Le syndicat a noté également le silence du ministère de la Santé en tant que département de tutelle, critiquant le « double-discours » du gouvernement qui prétend que la santé est une priorité pour lui, alors qu’il s’évertue à tourner le dos aux revendications des professionnels du secteur. En réalité, plusieurs corporations de médecins comme d’infirmiers attendent toujours la réponse du gouvernement à leur cahier revendicatif, sachant qu’ils se sont déjà mis en grève en novembre dernier, en réaction à la suspension du dialogue social. 

En plus de l’indemnité de risque, les médecins demandent une amélioration de leur rémunération par une révision de leur statut afin qu’ils soient rémunérés autant que les docteurs dans la Fonction publique. Ils revendiquent également l’amélioration de leurs conditions de travail par l’investissement dans les équipements et l’augmentation des effectifs. 


Trois questions au Dr El Mountadar Alaoui

« Le secteur public devient de plus en plus dur à supporter pour les médecins »

El Mountadar Alaoui, président du Syndicat national des médecins du secteur public, a répondu à nos questions sur l’épuisement du personnel soignant et l’état des pourparlers engagés avec le ministère de la Santé. 

- Le personnel soignant est en état d’épuisement après une année laborieuse, médecins et infirmiers sont-ils à ce point au bord de l’effondrement ? 

- En vérité, la situation au sein de l’hôpital public n’est guère réjouissante, les conditions de travail sont encore difficiles pour l’ensemble des professionnels que ce soit des médecins, des infirmiers ou des aides-soignants. Sans parler de la rémunération qui reste dérisoire, nous travaillons en sous-effectif et sous pression permanente. Ceci a toujours été le cas même avant la pandémie, celle-ci n’a fait que dévoiler une réalité qui existait bien déjà. Faute de motivation et de perspectives d’évolution, nombreux sont ceux qui songent à démissionner, sachant qu’il existe de nombreux problèmes de mobilité, d’organisation et de valorisation de l’initiative individuelle. 

- Les indemnités exceptionnelles relatives au Covid-19 ont commencé à être versées, le ministère en a-t-il fait assez, selon vous ? 

- Comme tout le monde le sait, les indemnités Covid-19 ne sont que des montants dérisoires que le gouvernement a mis en place pour gagner la sympathie des professionnels de Santé qui ont fait d’énormes sacrifices durant la crise sanitaire.

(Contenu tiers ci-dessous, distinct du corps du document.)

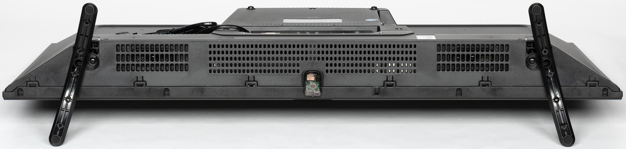 Телевизор имеет полностью пассивное охлаждение. За решетками на нижнем торце расположены встроенные громкоговорители с вытянутыми диффузорами.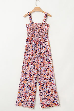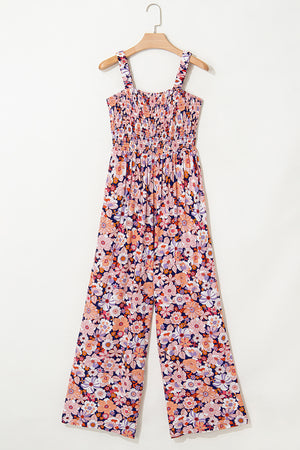 Women's Floral Print Jumpsuit - Square Neck Sleeveless Boho Romper

Le montant n’est que symbolique puisque les médecins ayant travaillé dans les services de réanimation et d’autres liés au Covid-19 n’ont obtenu que 4000 dirhams chacun pour toute l’année. Evidemment que c’est insuffisant. En tant que syndicat, ce que nous attendons impatiemment est l’approbation de notre cahier revendicatif, que nous avions présenté depuis longtemps pour remédier aux vrais dysfonctionnements du secteur de la Santé. 

- Où en êtes-vous dans les négociations avec le gouvernement sur votre cahier revendicatif ? 

- Toutes les revendications que nous avons exprimées jusqu’à maintenant ont été approuvées par le ministère de la Santé. Pourtant, le dossier est encore entre les mains du ministère de l’Economie et des Finances qui examine le coût financier de nos revendications. En effet, nous avons demandé plus d’investissement en équipements et en ressources humaines, avec une amélioration de notre statut salarial. Je vous rappelle que les médecins sont rémunérés comme détenteurs de master et non comme docteurs.